Eli's brother, Jordan, who was 22 months old, was unharmed. For a time, Sam Evans says, the toddler would recite details of the butchery he witnessed, telling relatives "the bad people" made his mommy and sister bleed.

Not dwelling on the violence
The slayings made headlines around the world and shocked even the most grizzled detectives.

Now 12, Jordan no longer remembers firsthand details. A wiry seventh-grader, he's chasing straight A's, a stronger build through weightlifting and new ways to torment his younger brother.

"I don't know if I'm raising them or they're re-raising me," says Evans, a 58-year-old Vietnam veteran, who is rearing the boys in this east-central Illinois town of 2,200. "I don't have time to grow old. I'm too busy."

The household doesn't dwell on the violence that culminated in a life prison sentence for Levern Ward, the ex-boyfriend of Evans' daughter Debra and father of Eli and Jordan. Two others were ordered executed but spared in 2003 when then-Gov. George Ryan commuted the death sentences of every condemned inmate in Illinois.

Still, Sam Evans says, his grandsons are encouraged to chat with him about their mom as they see fit — dialogue stoked in recent days with news of the horror on the other side of the state.

In East St.

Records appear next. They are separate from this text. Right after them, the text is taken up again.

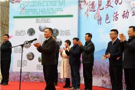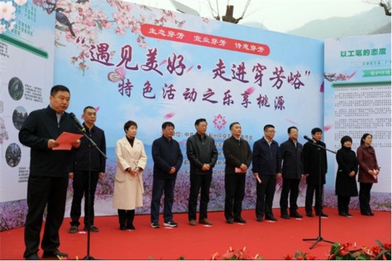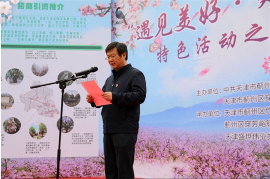 副区长徐向广致辞,他表示“遇见美好·走进穿芳峪-乐享桃源”活动既是推进文旅融合、助力乡村振兴的一大亮点,更是深入贯彻落实我区奋力建设生态优先绿色发展典范城市的重要举措。我们要牢固树立绿水青山就是金山银山的理念,打通生态转化路径,把生态环境保护作为立区之本、发展之基、财富之源,把文旅融合发展文章做足,把全域旅游品牌做强,全力以赴“抓招商、上项目、强产业”,以项目发展带动产业发展,以产业振兴助力乡村振兴,为蓟州经济社会发展夯实基础、积蓄后劲。
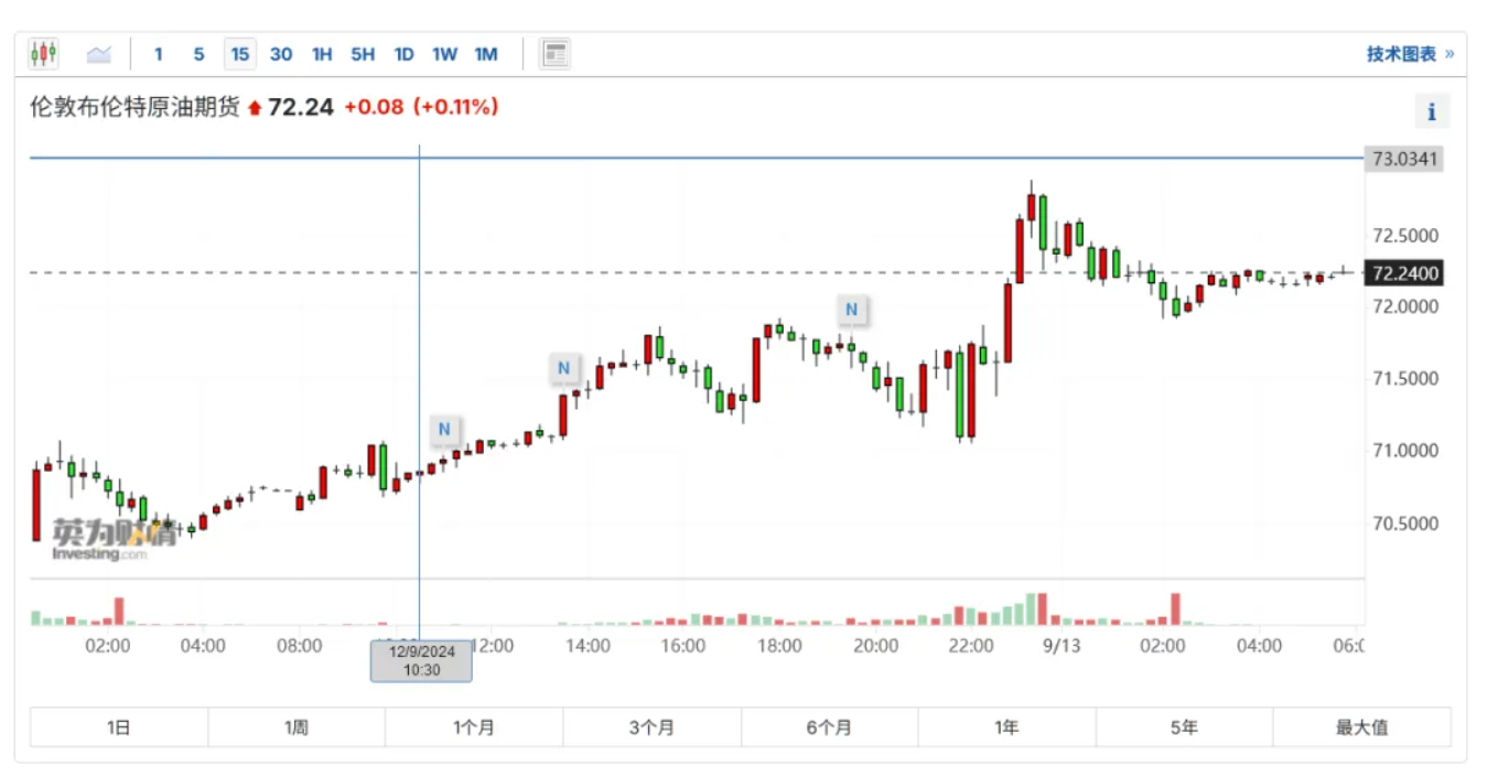 美东时间 9 月 12 日,受到飓风弗朗辛(Hurricane Francine)袭击墨西哥湾扰乱石油生产影响,纽约商品交易所 10 月交货的轻质原油期货价格上涨 1.66 美元,涨幅为 2.5%,收于每桶 68.97 美元。11 月交货的伦敦布伦特原油期货价格上涨 1.36 美元,收于每桶 71.97 美元,涨幅为 1.93%。
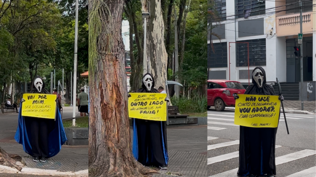 Como parte da campanha Maio Amarelo, a Prefeitura de Caçapava realiza, entre os dias 12 e 19 de maio, uma intervenção urbana marcante na Praça da Bandeira. A ação chama a atenção de pedestres e motoristas ao colocar em cena a figura simbólica da “morte” segurando uma placa de alerta. O objetivo é provocar reflexão sobre os riscos no trânsito e reforçar a importância de atitudes seguras para salvar vidas.
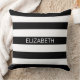 Black White Horizontal Preppy Stripe Name Monogram Cushion
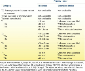 | جدول3.1تعریف دسته T – ویرایش هشتم AJCC سیستم مرحلهبندی ملانوما |
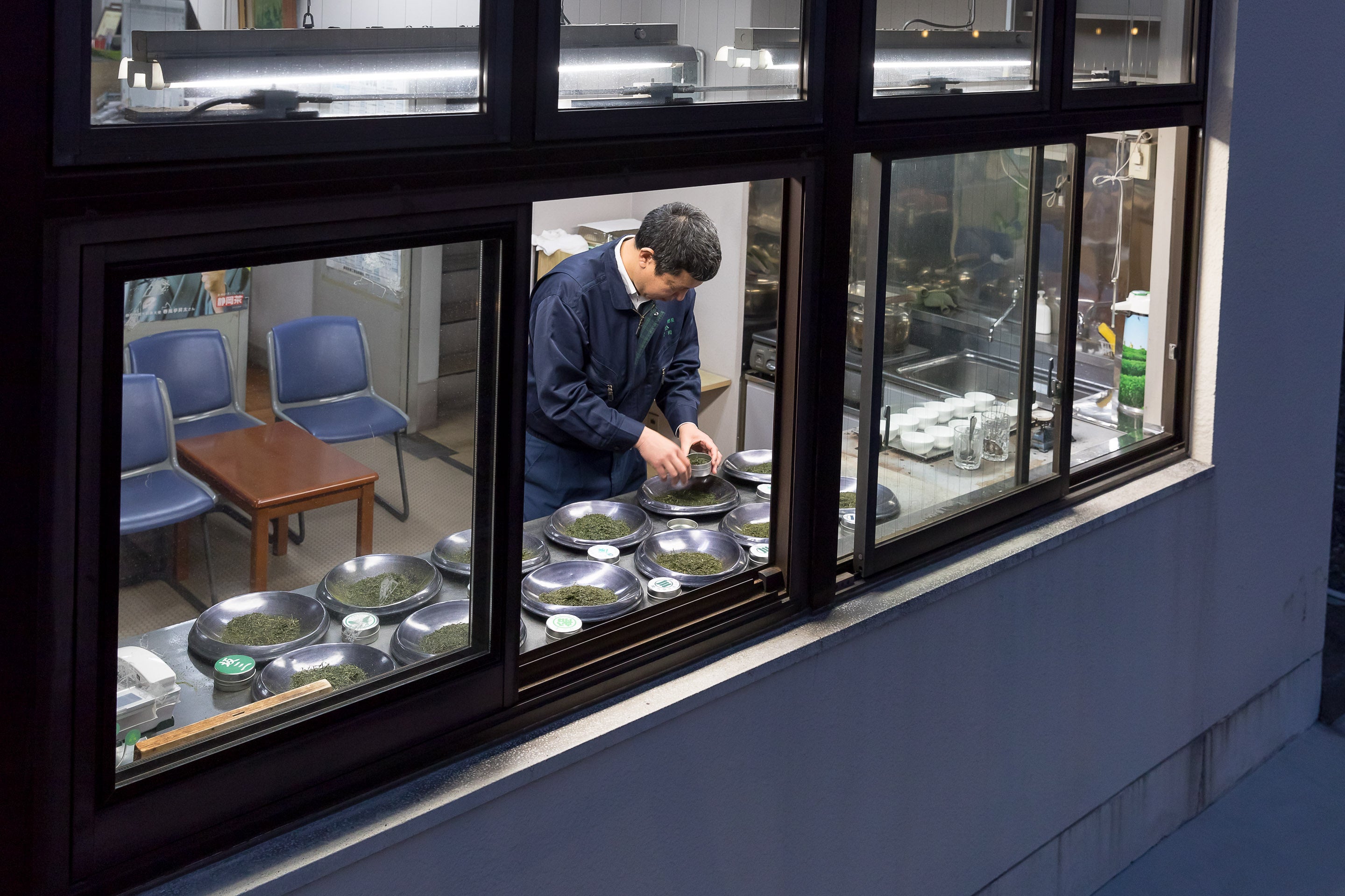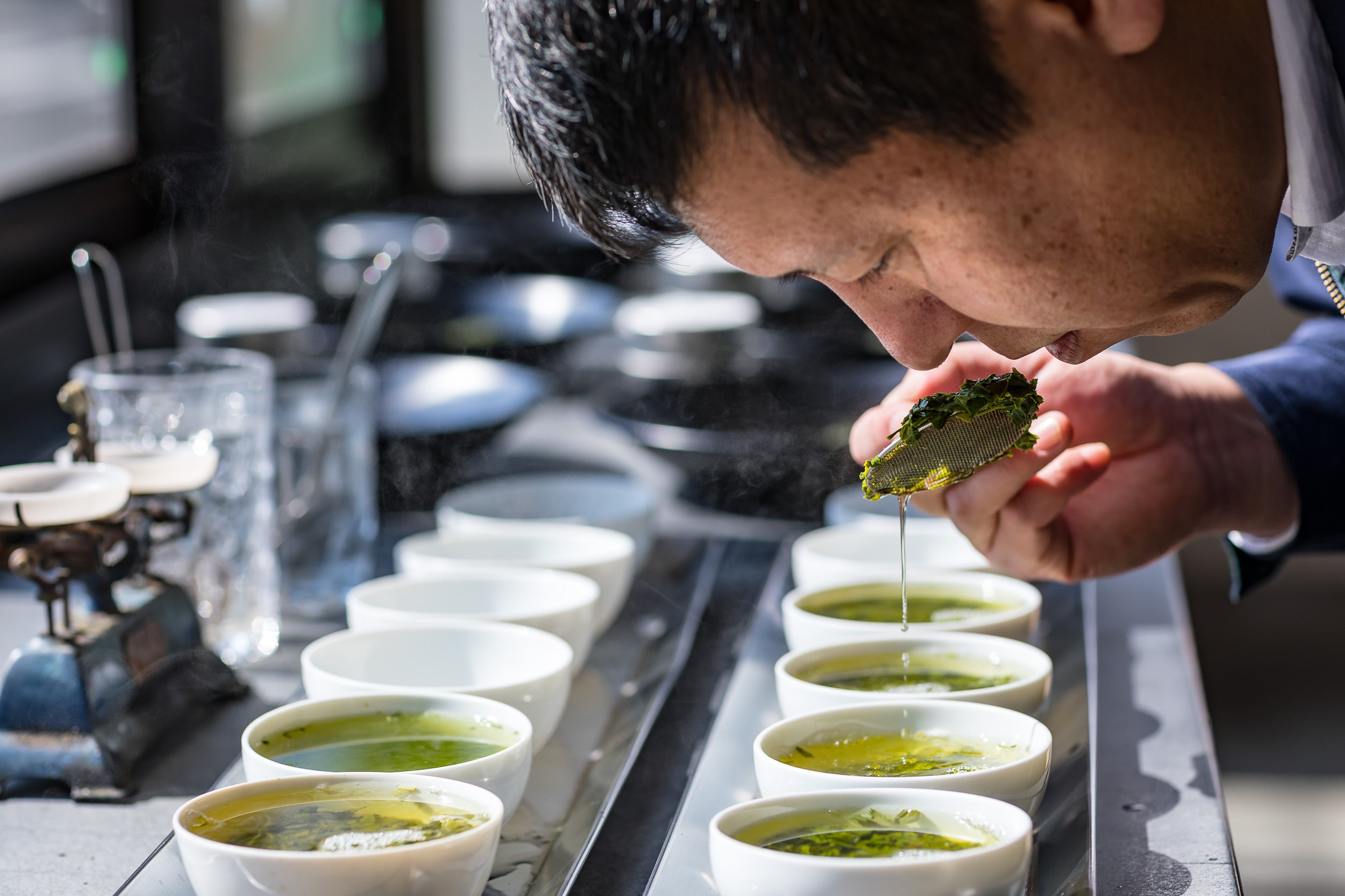 茶師は、培った技術でお茶の仕入れ、仕上げ、合組(ブレンド)を行います。なかでも茶師の業が光るのは、「合組」と呼ばれるブレンド技術です。茶葉によって、香りに特徴のあるもの、味にコクがあるもの、水色(すいしょく)が鮮やかなものなど実にさまざまな違いがあります。その茶葉の特徴を見出し、それぞれの長所が引き立つようバランスよく組み合わせることによって、単一のお茶にない味や香りを引き出します。これは、お茶の鑑別能力に優れた茶師にしかできません。

Louis, a pregnant woman was found slain in a weedy lot, her fetus cut from her womb. Police are investigating whether a woman charged in those deaths also drowned her dead friend's three young children, found decomposing last weekend in their apartment's washer and dryer.

Eli heard radio accounts of that grisly case, including the possibility that scissors were used to cut out the baby, who died.

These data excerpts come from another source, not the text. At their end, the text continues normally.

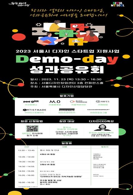 서울시는 23일 13시 30분 서울디자인창업센터 3층 컨퍼런스홀에서 참여기업, 투자자 및 관계자 등 100여명이 참석한 가운데 데모데이(시연회) 형식으로는 처음으로 ‘2023 서울시 디자인 스타트업 지원사업 성과공유회’를 개최한다고 밝혔다.
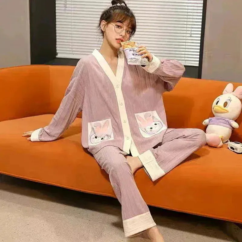 パジャマ レディース 綿 肌触り ルームウエア 部屋着 前開きパジャマ 前開き 長袖 秋冬 ナイトウエア Vネック コンフォート 肌触り 長袖パジャマ 入院
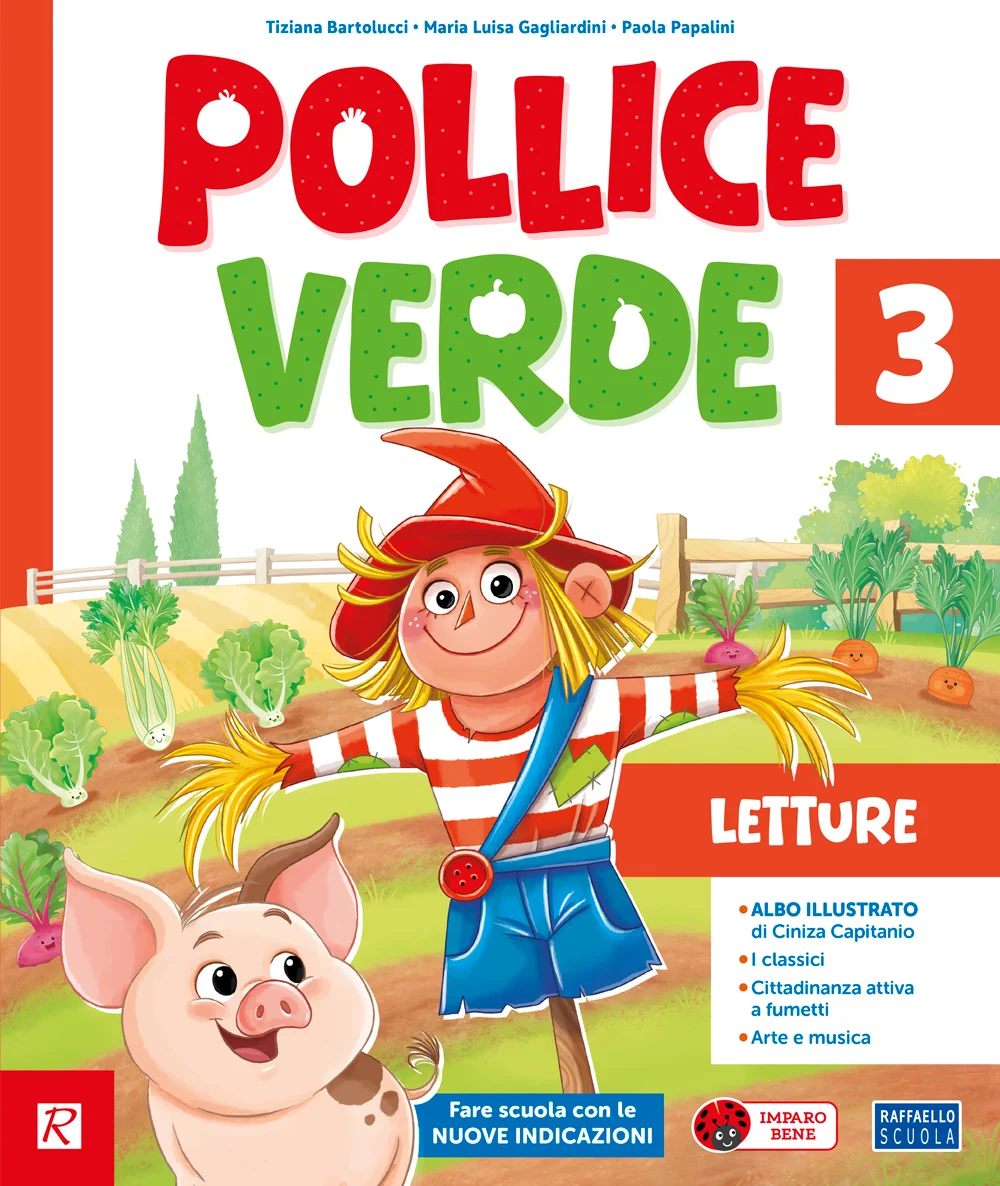 Pollice verde presenta uno sfondo integratore in rima, con tante simpatiche verdure dell’orto, cinque maialini pasticcioni e due bambini Pippi e Tom! Il metodo è disponibile nella doppia versione:

"The same kind of thing happened to us, except I lived," his grandfather recalls Eli saying. "You know, grandpa, we're going to be living this the rest of our life."

Nine cases since 1987
They're not alone. Nine cut-from-the-womb cases have been documented since 1987 by the National Center for Missing and Exploited Children, with Eli and five other children among the living.

"We thank the Lord on a continual basis," Evans says.

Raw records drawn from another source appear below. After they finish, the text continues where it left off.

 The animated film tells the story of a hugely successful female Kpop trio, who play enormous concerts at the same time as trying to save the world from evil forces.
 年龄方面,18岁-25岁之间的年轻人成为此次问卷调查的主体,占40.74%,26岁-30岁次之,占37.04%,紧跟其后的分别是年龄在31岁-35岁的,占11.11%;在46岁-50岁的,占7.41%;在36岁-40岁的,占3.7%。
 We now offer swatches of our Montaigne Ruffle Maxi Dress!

Honoring Sam Evans' request, a reporter did not ask the boys about their mother's death, though it's clear Debra Evans isn't far from Eli's thoughts.

In his living room, Eli points to a picture on a bookcase and a decorative egg bearing the same image, then says proudly, "there's my mom, brother and sister."

Minutes later in the kitchen, he asks Evans if the killers still are on death row and is reminded about the commuted sentences.

The answer clearly doesn't sit well with the child.

"They should be on death row," Eli says, his dark eyes widening. "We stand for justice. We ARE the Evans family."

With that, he shifts gears. The self-described dog lover presses his grandfather to let him get a Rottweiler, then shows off pictures of his past pooches _ a Shih Tzu named Buddy, a Rottweiler named Buster.

The next instant, he demonstrates the magic trick of suspending a magnet from his open-faced hand _ carefully concealing a BB pellet between his fingers.

Eli and Jordan dote on their grandfather when he's ailing with his diabetes.

"Their biggest fear is, 'Is grandpa gonna die someday?'" Evans says. "Even though Eli never knew his family, he feels the loss and fears it happening again."